### WHAT YOU HAVE TO DO
Please reproduce the entries below exactly from the line holding "This study investigates" through the last line, both included, and omit any pictures.

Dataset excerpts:
════════

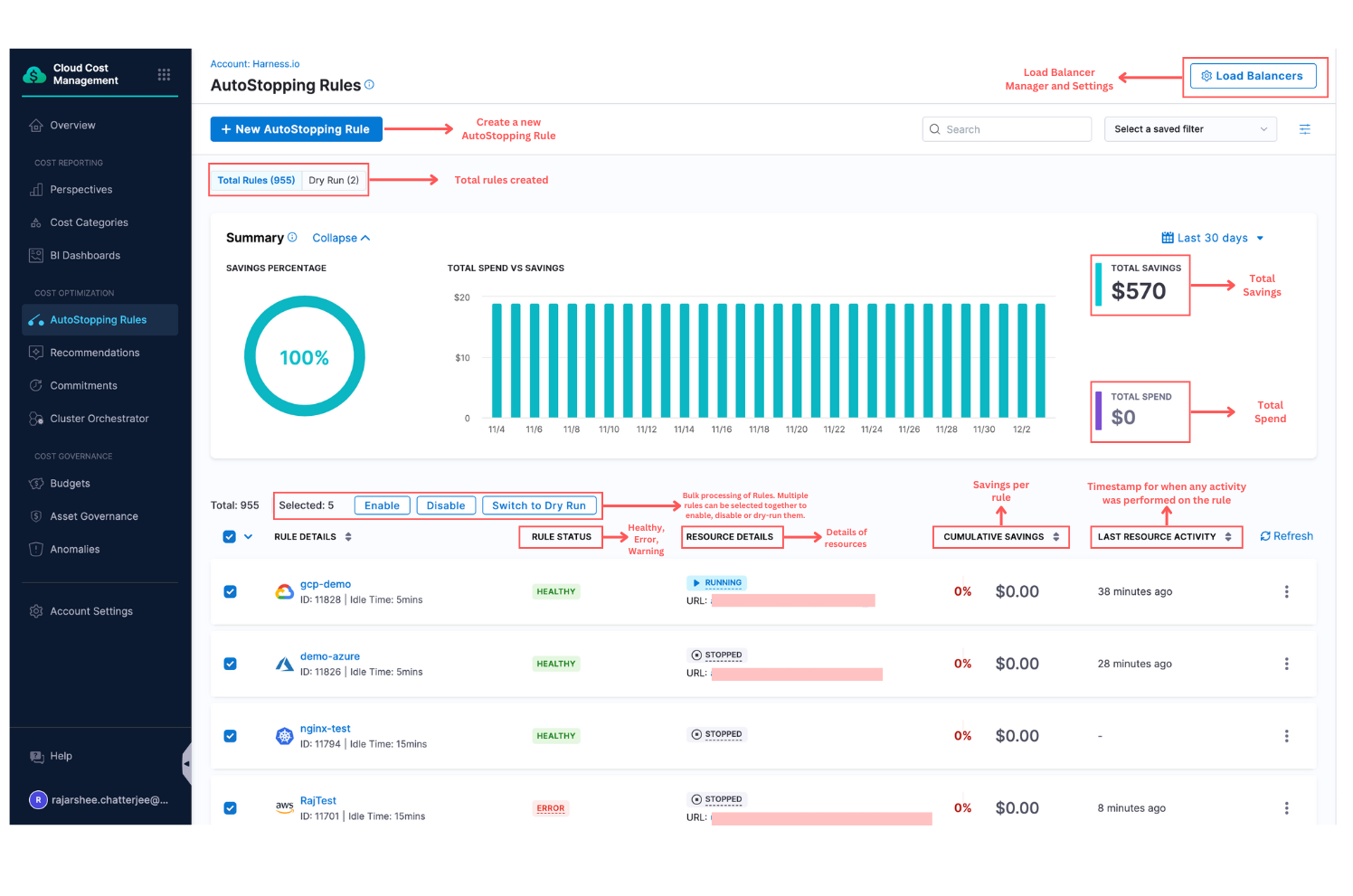 CCM now allows bulk processing of AutoStopping rules i.e. multiple rules can be selected at once to be disabled, enabled, and dry run.
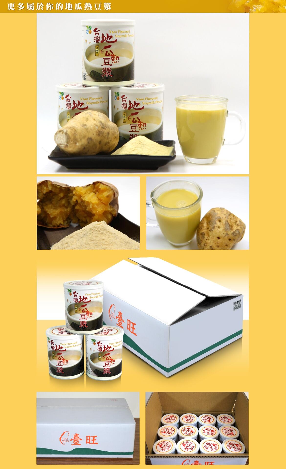 臺旺 – 臺灣地瓜熱豆漿 禮盒裝 (400克 / 罐x 3罐一組 )內容物名稱:57號地瓜熟製粉、非基改豆漿粉(黃豆、麥芽糖漿)過敏原提示:本產品含大豆製品,可能導致過敏症狀。淨重:400公克 x 3罐一組產地:台灣製造保存期限:密封18個月
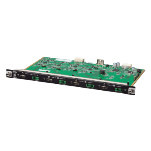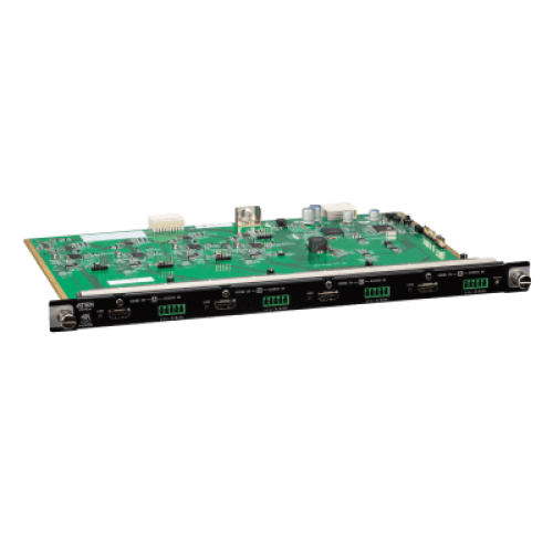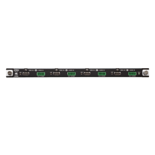 Es una tarjeta de entrada HDMI 4K real que se combina con un switch de matriz modular de ATEN para facilitar el enrutamiento de 4 fuentes de audio/vídeo HDMI a 4 pantallas con compatibilidad con imágenes de alta definición 4K real. Además de la interfaz HDMI que transporta la señal de audio/vídeo digital, el VM7824 tiene también 4 puertos de entrada de audio estéreo que permiten la incrustación de audio estéreo.
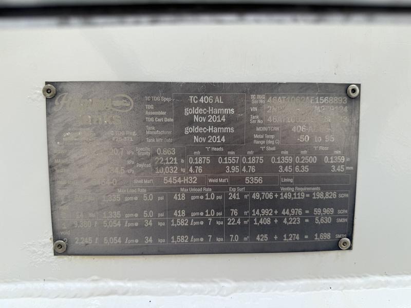 2015 Peterbilt 337 11,620 Litre Fuel Truck Diesel with Air Brakes, 8.9L, 6 cylinder, 2 door, automatic, 4X2, white exterior, black interior, cloth. 11,620 Litre capacity / 2 compartments (5,810 Litre each compartment). Certification and decal valid until July 2026.
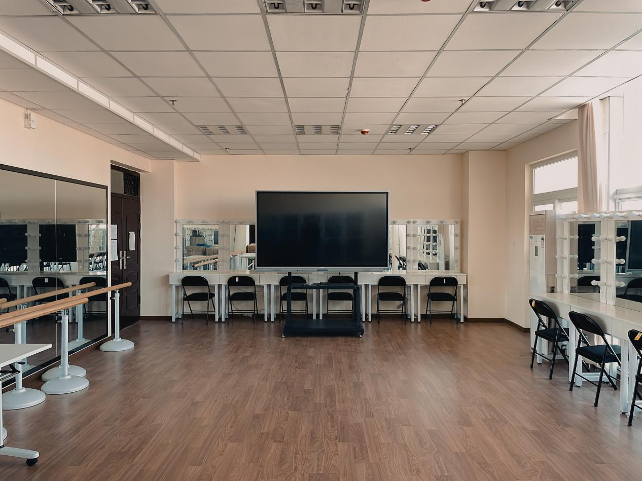 化妆造型与形象礼仪实训室配备了专业的化妆台、全身镜、升降把杆等,为学生提供了一个全面的妆容和礼仪学习平台,有利于其形象礼仪塑造以及社交素养的提升。
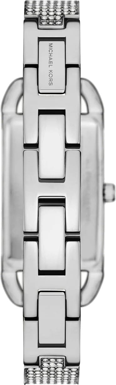 Эти часы от Michael Kors MK4841 воплощают в себе гармоничное сочетание стиля и изысканности, добавляя элегантность в любой женский образ. Они оснащены надежным кварцевым механизмом, который обеспечивает точность хода. Прямоугольный корпус выполнен из стали, придавая изделию прочность и современный вид. Серебристый циферблат без меток украшен кристаллами, создающими эффектное сияние, и надежно защищен минеральным стекломМинеральное стеклоМинеральное стекло представляет собой искусственно выращенный минерал кварца. Такое стекло отличается особой устойчивостью к повреждениям и царапинам. Уступает по некоторым качествам сапфировому стеклу., что обеспечивает долговечность и устойчивость к царапинам. Стальной браслет, декорированный паве из кристаллов, усиливает визуальное впечатление и подчеркивает роскошный дизайн часов. Ювелирная застежка гарантирует удобство и безопасность при ношении. Рифленая заводная головка и клиновидные стрелки в стиле Dauphine дополняют общий образ изделия, подчеркивая внимание к деталям. Водозащита 50WR позволяет носить часы в различных условиях, не беспокоясь о случайных попаданиях воды. Эти часы станут идеальным выбором для тех, кто ценит утонченность и качество в аксессуарах.
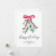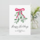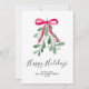Este cartão de Natal é decorado com visco verde em aquarela, uma fita vermelha e tipografia de roteiro elegante que diz "Felizes Festas"
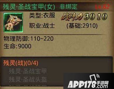 概述:残灵装备也可以用以和圣战装备比对,和其他残系装备一样,残灵装备也是有等级限制的。残魂装备装备的基础战斗力要比圣战装备高,但装备属性要差一点。装备4件残灵装备可以获得非常不错的属性加成。
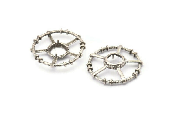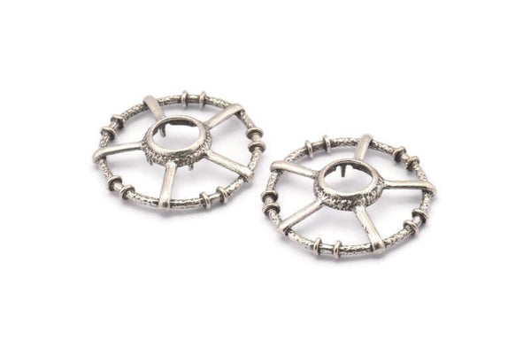 Antique Silver Plated Brass Round Pendants - Pad Size 10mm
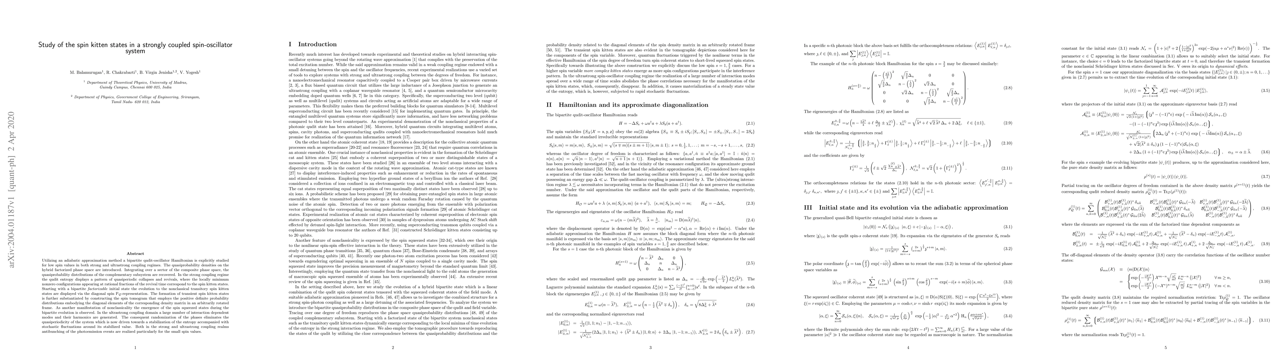 This study investigates spin kitten states in a strongly coupled spin-oscillator system using adiabatic approximation and quasiprobability densities. It reveals quasiperiodic entropy behavior and transient spin kitten states in the strong coupling regime, while in ultrastrong coupling, the system stabilizes with stochastic fluctuations and antibunching of photoemission events.
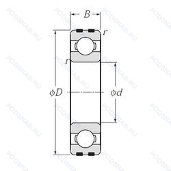 | Обозначение | Конструктивные особенности | Внутренний (d) | Наружный (D) | Ширина (B) |
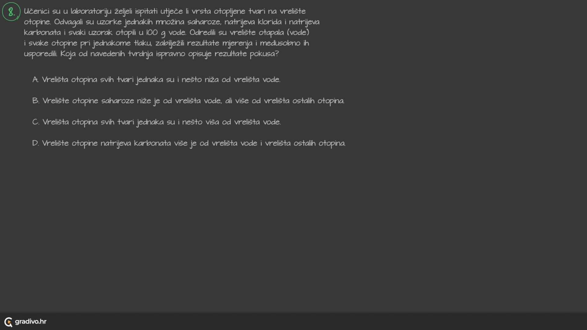 Učenici su u laboratoriju željeli ispitati utječe li vrsta otopljene tvari na vrelište otopine. Odvagali su uzorke jednakih množina saharoze, natrijeva klorida i natrijeva karbonata i svaki uzorak otopili u 100 g vode. Odredili su vrelište otapala (vode) i svake otopine pri jednakome tlaku, zabilježili rezultate mjerenja i međusobno ih usporedili. Koja od navedenih tvrdnja ispravno opisuje rezultate pokusa?
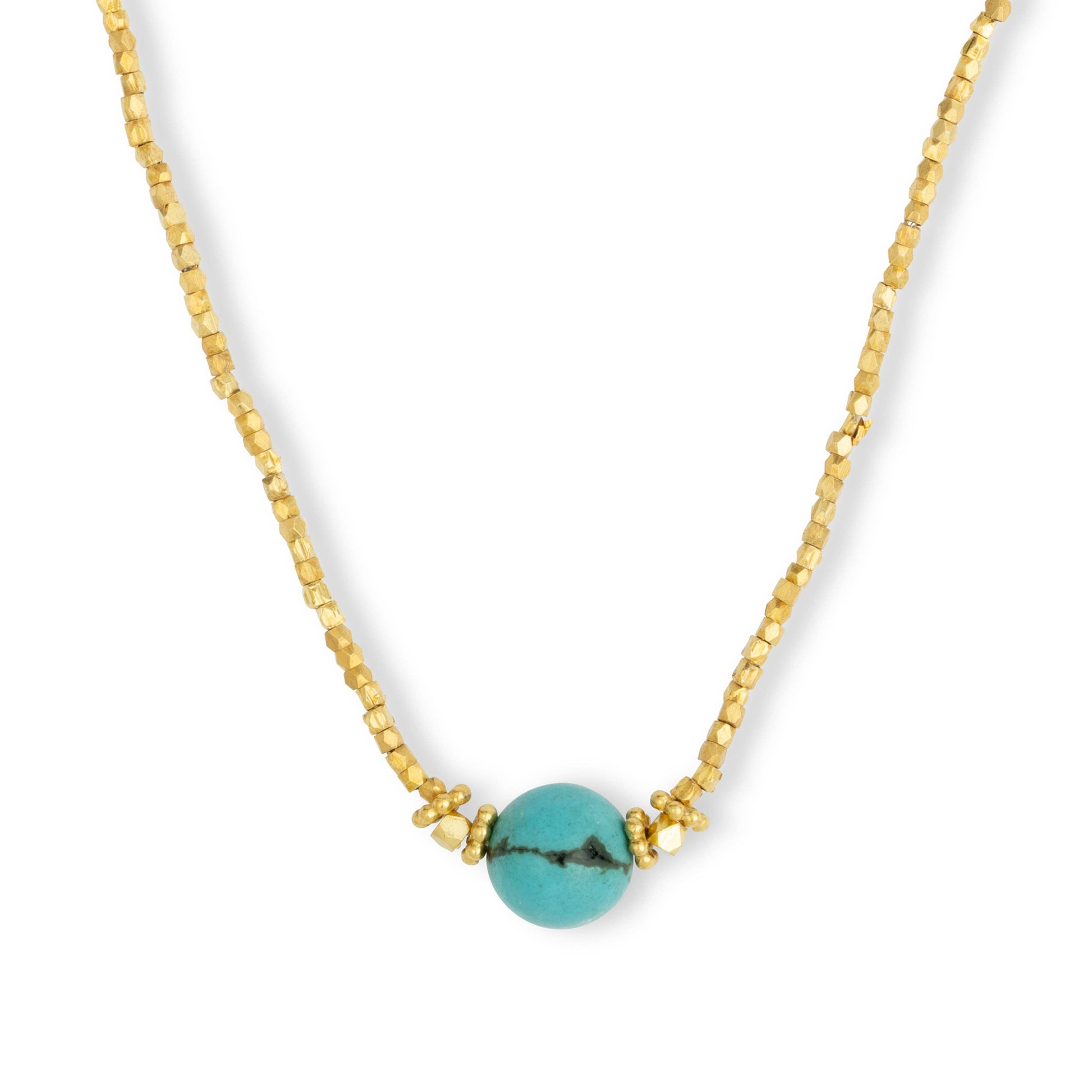 Gold bead choker necklace with turquoise howlite gemstoneWith tiny handcut faceted gold beads and a smooth gemstone bead, this choker necklace will be a staple in your new season necklace stack.

════════

### REPLY TO THE TASK
 This study investigates spin kitten states in a strongly coupled spin-oscillator system using adiabatic approximation and quasiprobability densities. It reveals quasiperiodic entropy behavior and transient spin kitten states in the strong coupling regime, while in ultrastrong coupling, the system stabilizes with stochastic fluctuations and antibunching of photoemission events.
 | Обозначение | Конструктивные особенности | Внутренний (d) | Наружный (D) | Ширина (B) |
 Učenici su u laboratoriju željeli ispitati utječe li vrsta otopljene tvari na vrelište otopine. Odvagali su uzorke jednakih množina saharoze, natrijeva klorida i natrijeva karbonata i svaki uzorak otopili u 100 g vode. Odredili su vrelište otapala (vode) i svake otopine pri jednakome tlaku, zabilježili rezultate mjerenja i međusobno ih usporedili. Koja od navedenih tvrdnja ispravno opisuje rezultate pokusa?
 Gold bead choker necklace with turquoise howlite gemstoneWith tiny handcut faceted gold beads and a smooth gemstone bead, this choker necklace will be a staple in your new season necklace stack.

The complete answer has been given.